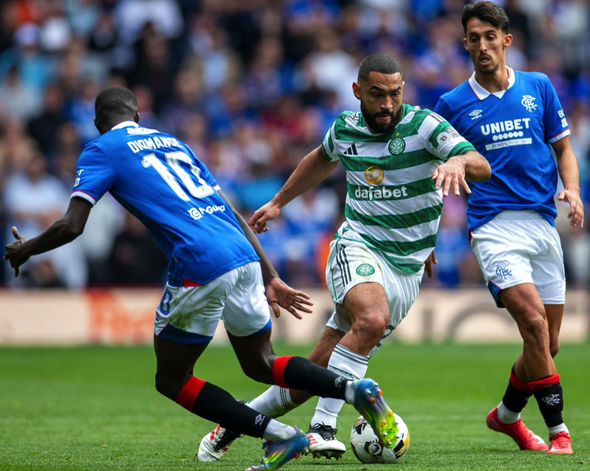 ON THE RUN…Cameron Carter-Vickers takes on Ibrox duo Mo Diomande and Bojan Miovski in the 3-1 League Cup semi-final win – now the influential defender has been sidelined.
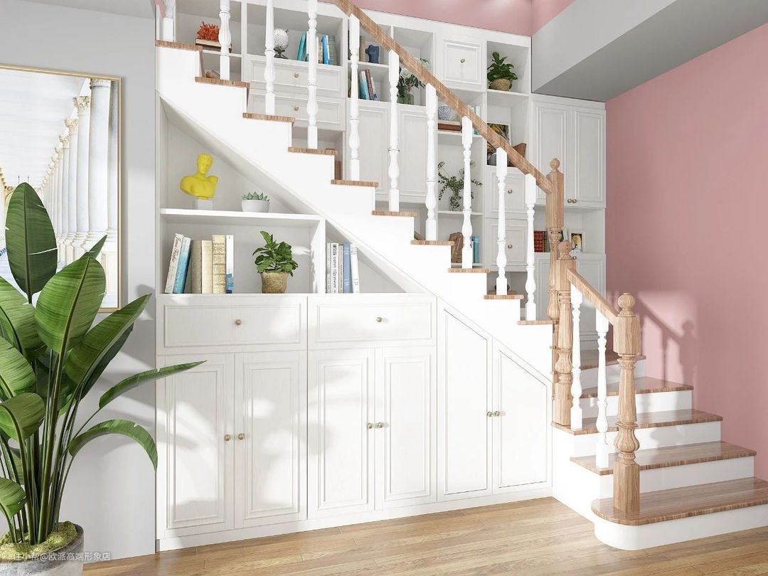 ▲复式的户型最常见的就是楼梯底空间容易被浪费,在此处做定制柜,让小空间发挥大作用,收纳周边大小物品超方便。
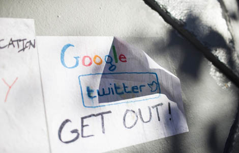 Signs in opposition of technology companies are seen in San Francisco, California December 9, 2013. A Google Inc commuter bus was blocked in San Francisco's Mission district for about a half hour Monday morning, highlighting many residents' growing concern that an influx of affluent technology workers is driving up costs in the city. [Photo/Agencies] |
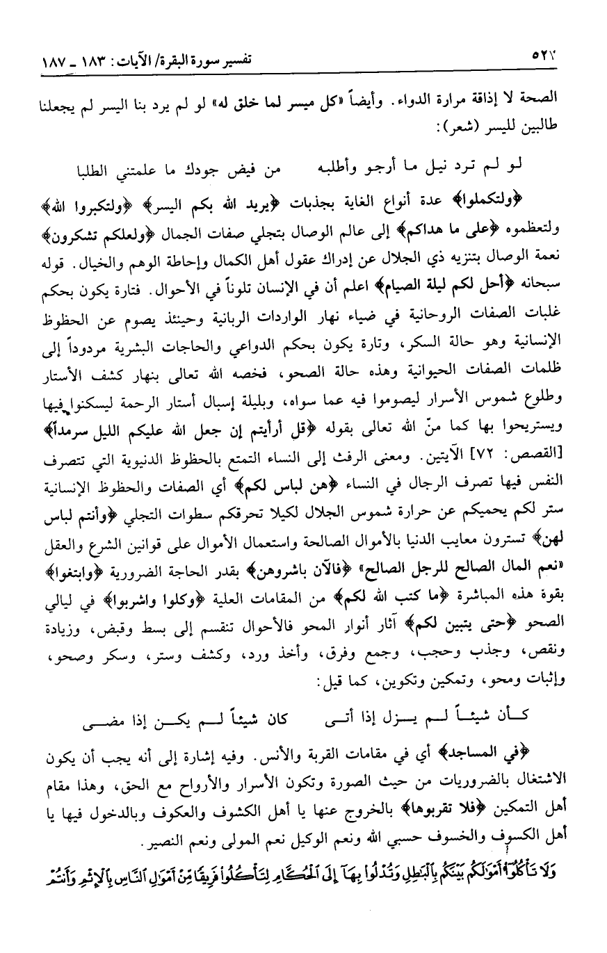وَلِتُكْمِلُوا عدة أنواع الغاية بجذبات يُرِيدُ اللَّهُ بِكُمُ الْيُسْرَ وَلِتُكَبِّرُوا اللَّهَ ولتعظموه عَلى ما هَداكُمْ إلى عالم الوصال بتجلي صفات الجمال وَلَعَلَّكُمْ تَشْكُرُونَ نعمة الوصال بتنزيه ذي الجلال عن إدراك عقول أهل الكمال وإحاطة الوهم والخيال. قوله سبحانه أُحِلَّ لَكُمْ لَيْلَةَ الصِّيامِ اعلم أن في الإنسان تلونا في الأحوال. فتارة يكون بحكم غلبات الصفات الروحانية في ضياء نهار الواردات الربانية وحينئذ يصوم عن الحظوظ الإنسانية وهو حالة السكر، وتارة يكون بحكم الدواعي والحاجات البشرية مردودا إلى ظلمات الصفات الحيوانية وهذه حالة الصحو، فخصه الله تعالى بنهار كشف الأستار وطلوع شموس الأسرار ليصوموا فيه عما سواه، وبليلة إسبال أستار الرحمة ليسكنوا فيها ويستريحوا بها كما منّ الله تعالى بقوله قُلْ أَرَأَيْتُمْ إِنْ جَعَلَ اللَّهُ عَلَيْكُمُ اللَّيْلَ سَرْمَداً [القصص: 72] الآيتين. ومعنى الرفث إلى النساء التمتع بالحظوظ الدنيوية التي تتصرف النفس فيها تصرف الرجال في النساء هُنَّ لِباسٌ لَكُمْ أي الصفات والحظوظ الإنسانية ستر لكم يحميكم عن حرارة شموس الجلال لكيلا تحرقكم سطوات التجلي وَأَنْتُمْ لِباسٌ لَهُنَّ تسترون معايب الدنيا بالأموال الصالحة واستعمال الأموال على قوانين الشرع والعقل «نعم المال الصالح للرجل الصالح» فَالْآنَ بَاشِرُوهُنَّ بقدر الحاجة الضرورية وَابْتَغُوا بقوة هذه المباشرة ما كَتَبَ اللَّهُ لَكُمْ من المقامات العلية وَكُلُوا وَاشْرَبُوا في ليالي الصحو حَتَّى يَتَبَيَّنَ لَكُمُ آثار أنوار المحو فالأحوال تنقسم إلى بسط وقبض، وزيادة ونقص، وجذب وحجب، وجمع وفرق، وأخذ ورد، وكشف وستر، وسكر وصحو، وإثبات ومحو، وتمكين وتكوين، كما قيل:
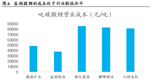 盐湖提锂省去了矿石的开采、破碎和选矿环节,且在分离端一般采用吸附、萃取等方式,成本相对焙烧等低,因此盐湖提锂的成本处在行业成本曲线的最低位置。国内来看,根据盐湖股份、藏格矿业年报数据测算,2024年其碳酸锂吨营业成本分别为3.8、4.8万元/吨,而以锂辉石为原料的雅化集团、赣锋锂业碳酸锂产品吨营业成本分别为8.5、8.3 万元/吨,以锂云母为原材料的江特电机吨营业成本为8.1万元/吨。
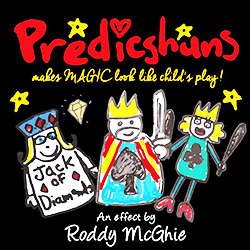 Predicshuns wird mit allem geliefert, was Sie brauchen, um es direkt aus der Schachtel vorzuführen. Das Spiel und die speziellen Vorhersagekarten nehmen Ihnen die ganze Arbeit ab. Die bezaubernden Vorhersagekarten aus Kinderhand wurden von Roddys Tochter handgezeichnet und werden die Herzen aller Zuschauer erobern. Dieser Trick war ein Riesenhit auf dem Blackpooler Zauberkongress, jetzt können Sie ihn vorführen und unglaublich emotionale Reaktionen erhalten.
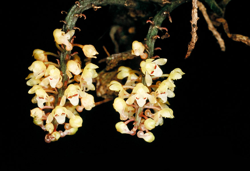 Found in Sulawesi in montane forsts on ridgetops at elevations of 900 to 1500 meters as a mini-miniature sized, warm to cool growing epiphyte with purple suffused leaves that are often purple spotted beneath and blooms in the fall and later winter on a pendent, 1.2 to 3.2" [3 to 8 cm] long, to 20 flowered inflorescence
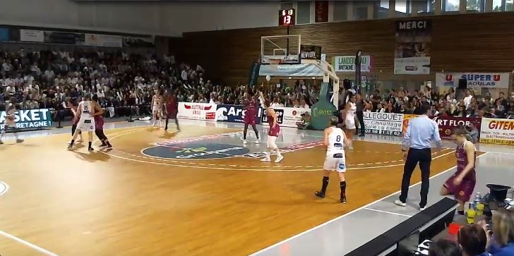 L’Angevine Lucet ouvre le score (0-2, 1’10), mais Logan égalise sur deux lancers francs (2-2, 2’36). Prodhomme et Lucet à trois points, puis Lokoka sur un jumpshot concluent un 8-0 (2-10, 4’11). Naigre stoppe l’élan adverse (4-10, 4’53). Lucet accentue l’avantage à +10 points pour les « violettes » (6-16, 6’26). Stervinou à trois points, puis Logan dans la raquette recolle leur équipe dans le match (13-18, 8’32). Djaldi-Tabdi, à la suite de deux lancers francs conclut le premier quart-temps, avec six points d’avance pour l’UFAB (17-23, 10′). Butard, à trois points, remet à une possession d’écart son équipe (21-23, 10’55). Le Bruchec donne pour la première fois du match l’avantage aux Bretonnes (24-23, 11’19), puis elle accentue l’avantage (26-23, 12’47). Mais Angers ne se démobilise pas sous la pression et le public adverse. Lokoka relance son équipe, puis Djadi-Tabdi égalise (26-26, 13’54). Cette dernière donne un peu d’air à son équipe (26-31, 14’52). Mais le match est serré et Le Bruchec recolle son équipe une unité (32-33, 16’32). Lors de la fin de la première période, les défenses vont prendre le pas sur les attaques adverses et le score ne bougera pas (32-33, 20′).
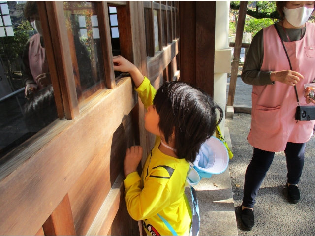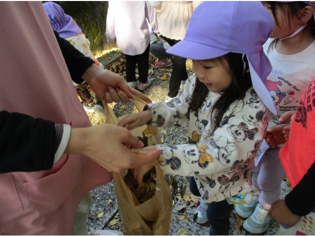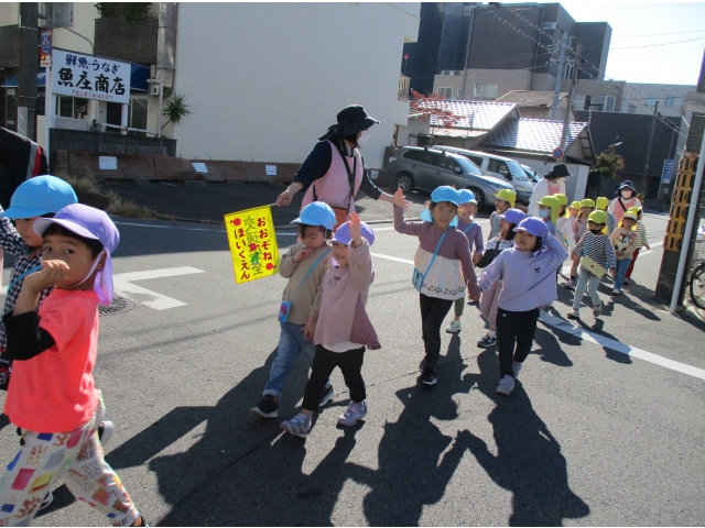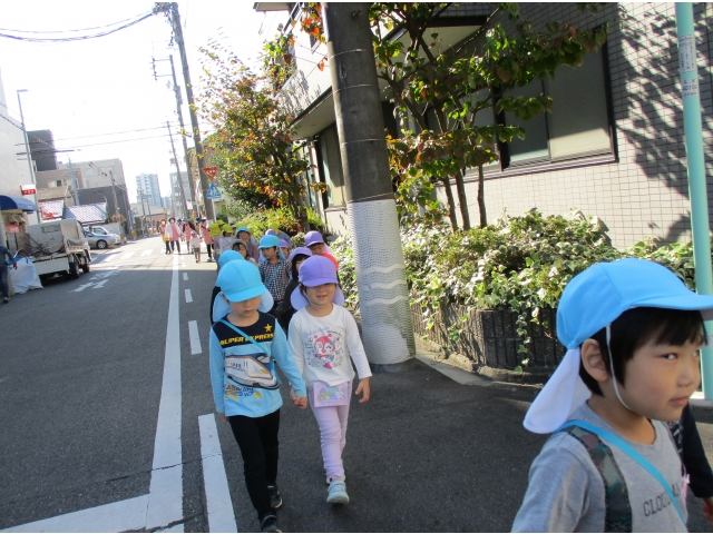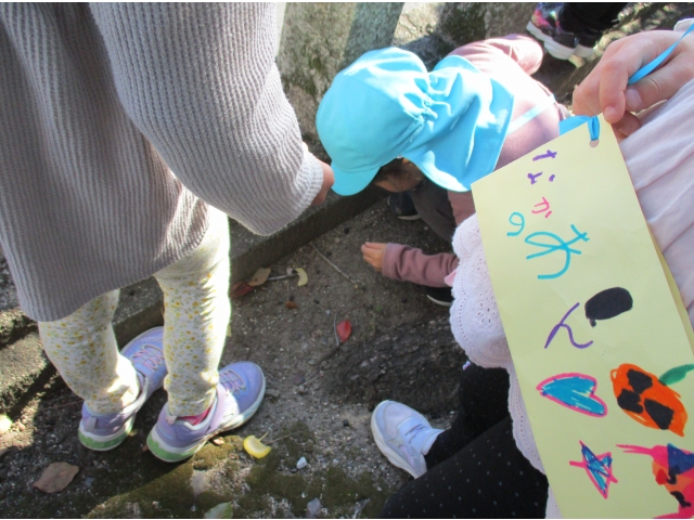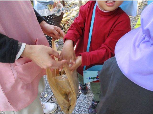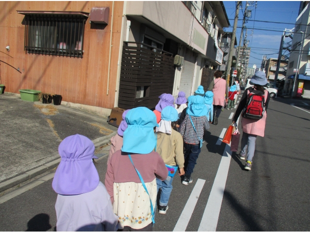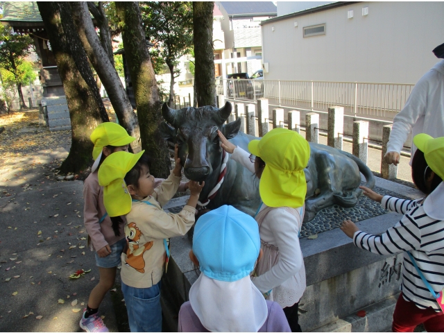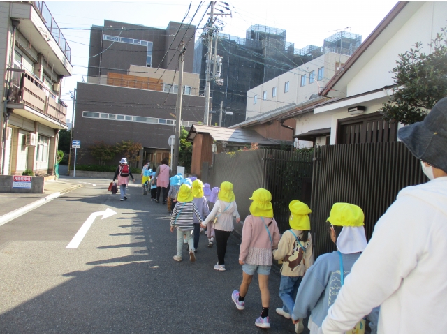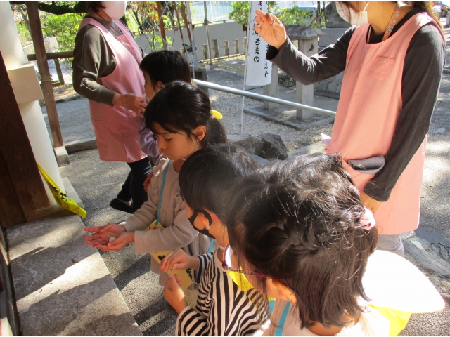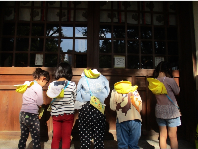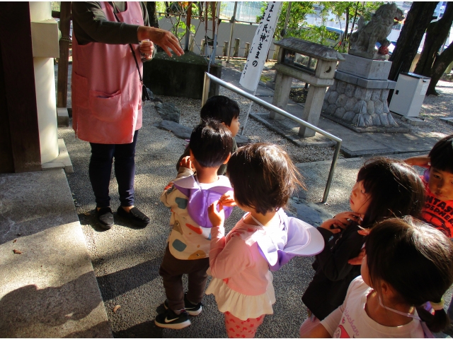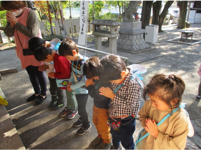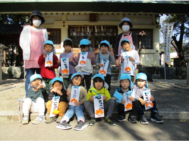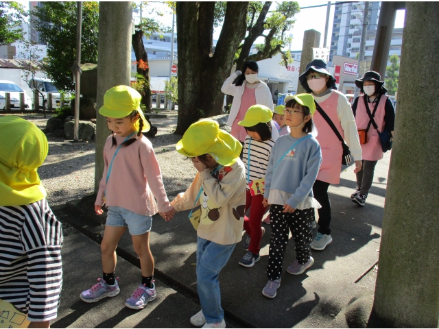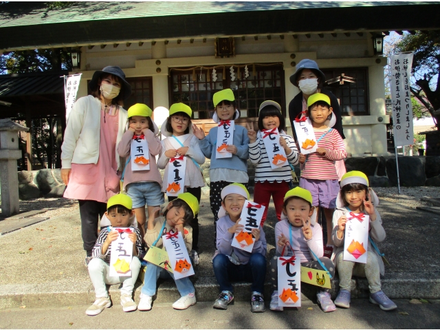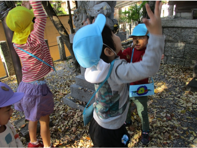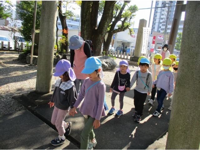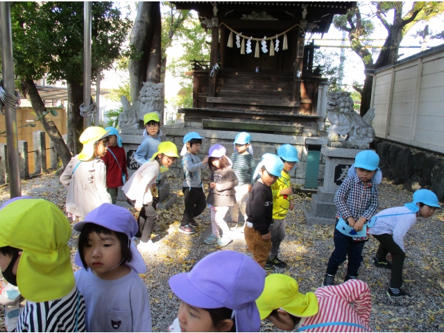 過ごしやすい快晴の天気の中、3~5歳児で七五三参りに行きました。落ち葉拾いのポシェットを肩に掛け、お友だちと手をつなぎ、六所社まで歩きました! お友だちや先生と会話をしながら、元気よく歩いて行くことができました!

> _EXERCISE DESCRIPTION_
Repeat the listing above up to and including the line with "Signs in opposition", starting from its first line. Drop any pictures.

> _TASK SOLUTION_
 ON THE RUN…Cameron Carter-Vickers takes on Ibrox duo Mo Diomande and Bojan Miovski in the 3-1 League Cup semi-final win – now the influential defender has been sidelined.
 ▲复式的户型最常见的就是楼梯底空间容易被浪费,在此处做定制柜,让小空间发挥大作用,收纳周边大小物品超方便。
 Signs in opposition of technology companies are seen in San Francisco, California December 9, 2013. A Google Inc commuter bus was blocked in San Francisco's Mission district for about a half hour Monday morning, highlighting many residents' growing concern that an influx of affluent technology workers is driving up costs in the city. [Photo/Agencies] |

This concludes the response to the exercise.